(Critique - avec spoilers - de la saison 3)
Il y a quelque chose d'involontairement méta à la vision de l'excellente série made in Netflix After Life, tant l'incertitude et les craintes face à la vie que peuvent ressentir le personnage principal - Tony - incarné par Ricky Gervais, sont instinctivement les mêmes que celle du Ricky Gervais showrunner, qui n'avait jamais vraiment été assuré qu'une seconde saison verrait le jour, et encore moins une troisième et dernière - selon ses dires.
Une inquiétude qui semblait s'être dissipée dans les premiers instants de cette ultime salve d'épisodes, tant l'on retrouve un Tony non plus totalement emprisonné dans son cycle de deuil perpétuel, mais prêt à arpenter le dur chemin de la rédemption et à essayer d'être un tant soit peu heureux... tout dû moins en apparence, tant la question a toujours été de savoir au fond combien de temps Tony sera capable de retenir ses démons, avant de se laisser happer une nouvelle fois par les ténèbres (le final sombre et ambiguë, même si teinté un brin d'espoir, de la seconde saison le démontrait parfaitement).
Copyright Natalie Seery/Netflix
Est-ce que la douleur du deuil et les tourments de la dépression agissent toujours comme une ombre menaçante sur la narration ? Complètement.
Est-ce que Tony a rayé sa regretté femme de sa vie ? Pas même un peu.
Est-ce que cette (ultime) saison l'amène in fine vers un avenir si ce n'est heureux, au moins un chouïa moins pessimiste ? Répondre à cette question gacherait le plaisir qu'offre cette troisième cuvée, ou l'importance n'est pas tant d'aller émotionnellement d'un point A à un point B mais bien de vivre ces épisodes comme de vraies expériences de vie, d'être avec ces personnages alors qu'ils vivent des hauts et des bas, des petites victoires comme des défaites frustrantes.
Et c'est là toute la force de cette comédie noire aussi cynique qu'elle est bouleversante, sa propension à aborder la vie et la mort de la manière la plus significative, honnête et banale qui soit, rendant d'autant plus palpable les odyssées intérieurs de chacun des protagonistes pour explorer leurs propres fêlures.

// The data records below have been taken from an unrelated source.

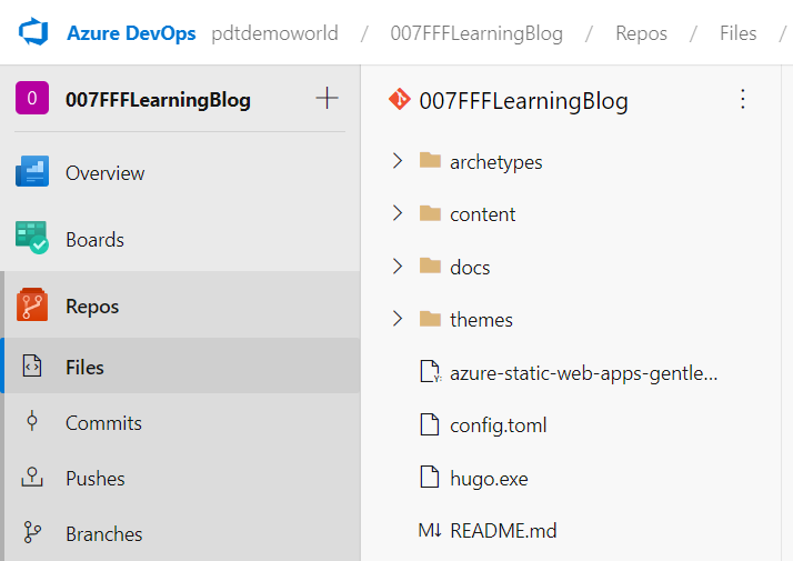 - From the DevOps environment, validate the Hugo folders and files are present in the repository.
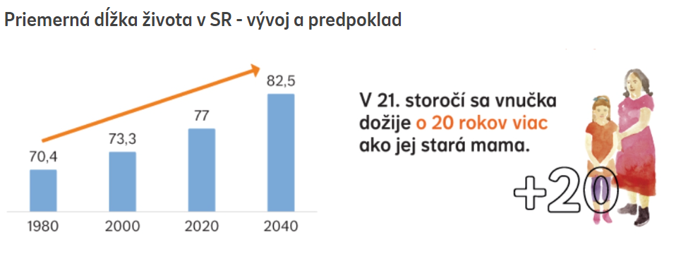 Predpokladaná priemerná dĺžka života Slovákov je na úrovni 78 rokov. Čo sa týka finančného zabezpečenia, očakávania Slovákov sú na chvoste Európy. Naša spokojnosť s finančnou situáciou je podpriemerná, pričom až 60 % tvrdí, že sa zhoršuje. Štvrtina občanov žije od výplaty do výplaty a 15 % ide od mínusu. Viac ako polovica verí, že budú pracovať aj počas dôchodku.
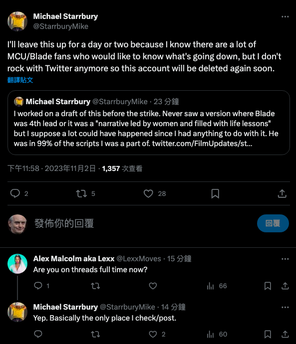 在關閉帳號之前,史塔柏瑞仍繼續回覆了一位網友,解釋他所寫的那版劇本絕對沒有刪減或降格刀鋒的戲份:「我還在參與編寫的時候,刀鋒是幾乎出現在每一場戲的,我不知道後來發生什麼事,我只能說,我不太相信他會在任何一版劇本被改成第四線的角色。」
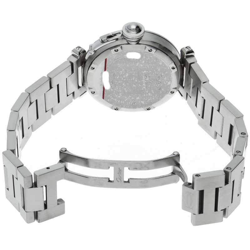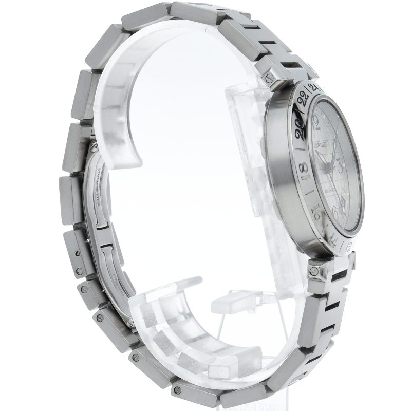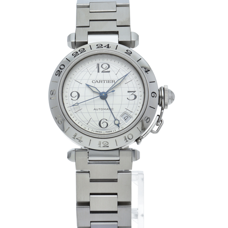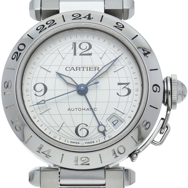 カルティエの人気「パシャC」シリーズ。文字盤に地球儀をモチーフにした放射線状のデザインを持つ、GMT機能搭載モデル。
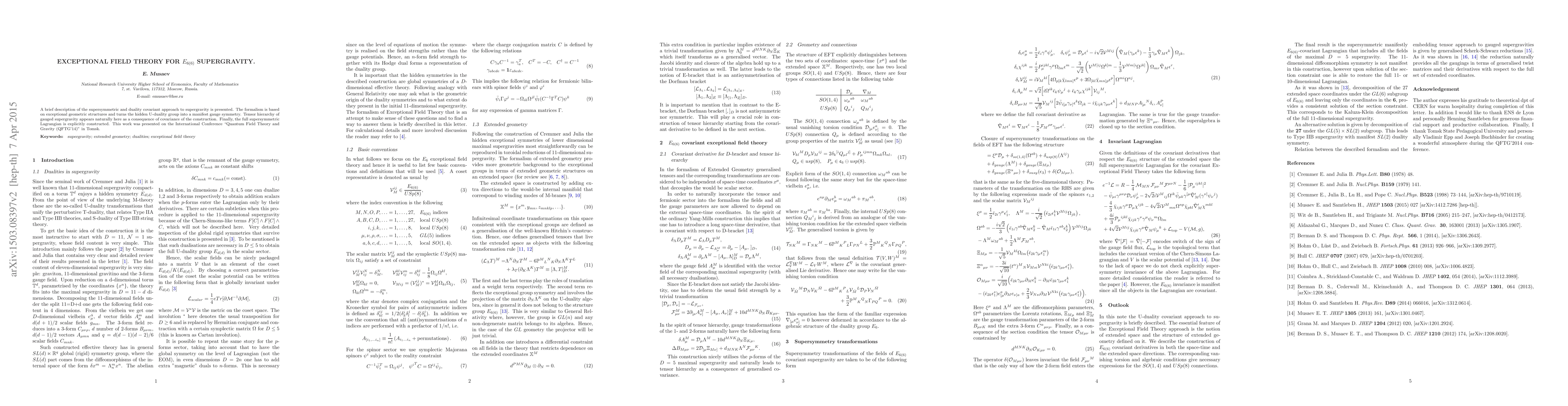 A brief description of the supersymmetric and duality covariant approach to supergravity is presented. The formalism is based on exceptional geometric structures and turns the hidden U-duality group into a manifest gauge symmetry. Tensor hierarchy of gauged supergravity appears naturally here as a consequence of covariance of the construction. Finally, the full supersymmetric Lagrangian is explicitly constructed. This work was presented on the International Conference "Quantum Field Theory and Gravity (QFTG'14)" in Tomsk.
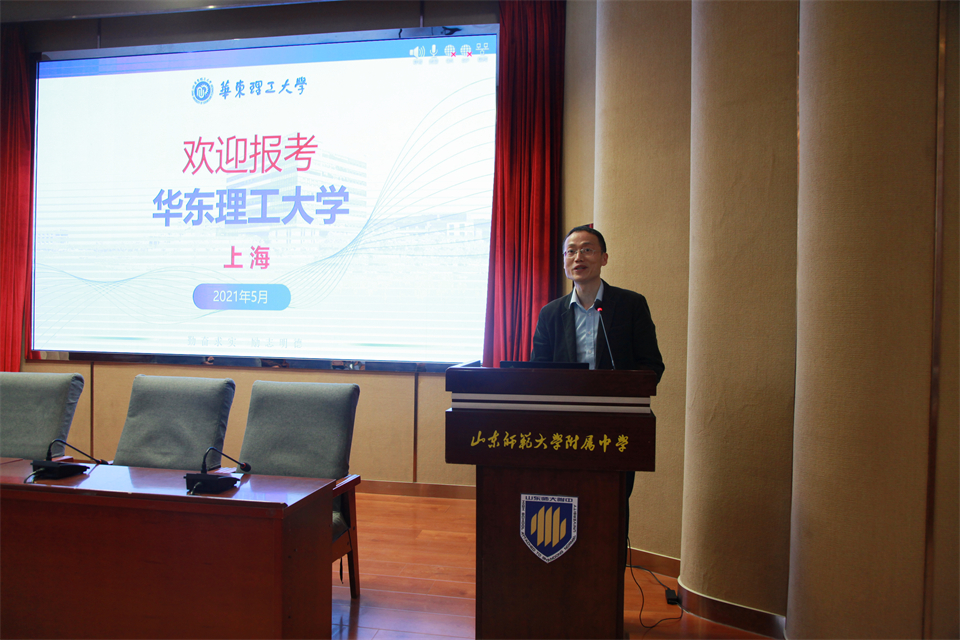 韦晓保和荆兆晶分别代表华东理工大学和山东师大附中签订“华东理工大学优质生源基地学校协议书”,荆兆晶接收“华东理工大学优质生源基地”牌匾。韦晓保表示,多年来,山东师大附中为华东理工大学输送了大量素养高、能力强、成绩优、潜力足的优秀毕业生,希望接下来两校进一步加强交流合作,促进高等教育与高中教育的有效衔接,形成整体化、系统化的优秀学生培养模式。荆兆晶表示,华东理工大学作为国家双一流、985、211工程高校,是很多附中学子心仪的高校,希望接下来两校能进一步探索高校和高中共同推进学生素质教育和创新培养机制,携手共育英才。韦晓保为附中学子、教师、家长就华东理工大学基本情况、往年招生情况和2021年招生政策作宣讲。
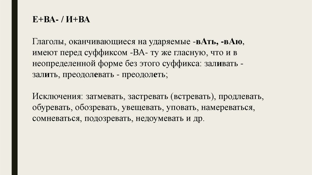 Е+ВА- / И+ВАГлаголы, оканчивающиеся на ударяемые -вАть, -вАю,
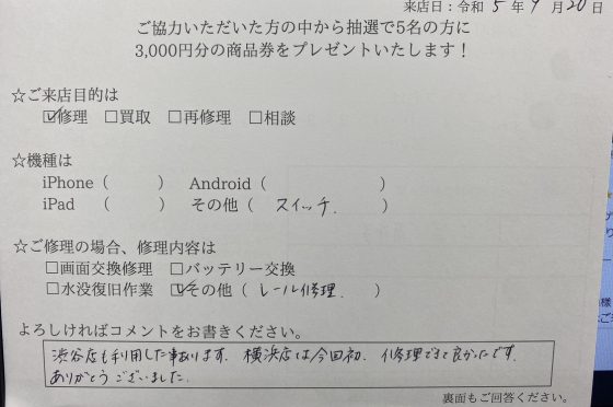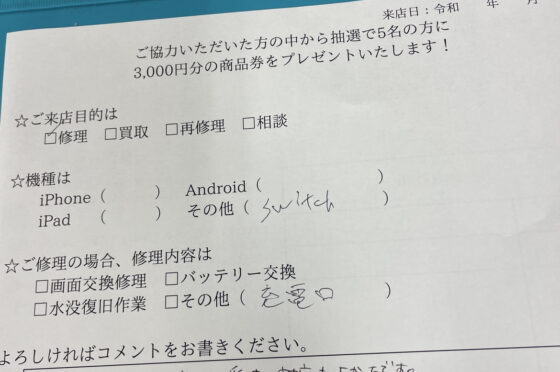 【任天堂 Switch】お客様よりコメントを頂きました!

Surtout que pour ne rien gâcher, Gervais n'hésite pas à doubler la dose avec son humour volontairement maladroit et indélicat - pour ne pas dire franchement vulgaire -, tant il sait pertinemment que c'est dans la colère et la dépression qui rongent Tony qu'ironiquement, son écriture comique tire toute sa force, cette juxtaposition magique entre la douceur désemparée de ceux qui émaillent son quotidien (de Matt son patron/beau-frère, au loser perpétuel Brian, en passant par le wannabe comédien James, l'attachante Kath ou la jeune Colleen et son désespoir terre-à-terre dans lequel Tony se reconnaît) et son désir torturé de s'en prendre au monde.
Copyright Natalie Seery/Netflix
Si le pathétique et le cynisme se mêlent toujours autant à la mélancolie, la solitude et le désespoir, il y a tout de même un message d'optimisme sous-jacent qui se dégage de ce - potentiel - final, cette idée qu'il faut savoir vivre dans l'instant, de profiter de la beauté et des opportunités de la vie même quand elle nous éprouve par sa dureté.
Et peut-être plus encore que sur les deux précédentes saisons, Gervais pointe l'importance de la bienveillance et de l'entraide pour mieux tirer le meilleur parti de la brièveté de nos existences, dans une étreinte à la fois douce-amère et magnifiquement humaine.
Définitivement, l'une des plus belles réussites du giron séries de Netflix.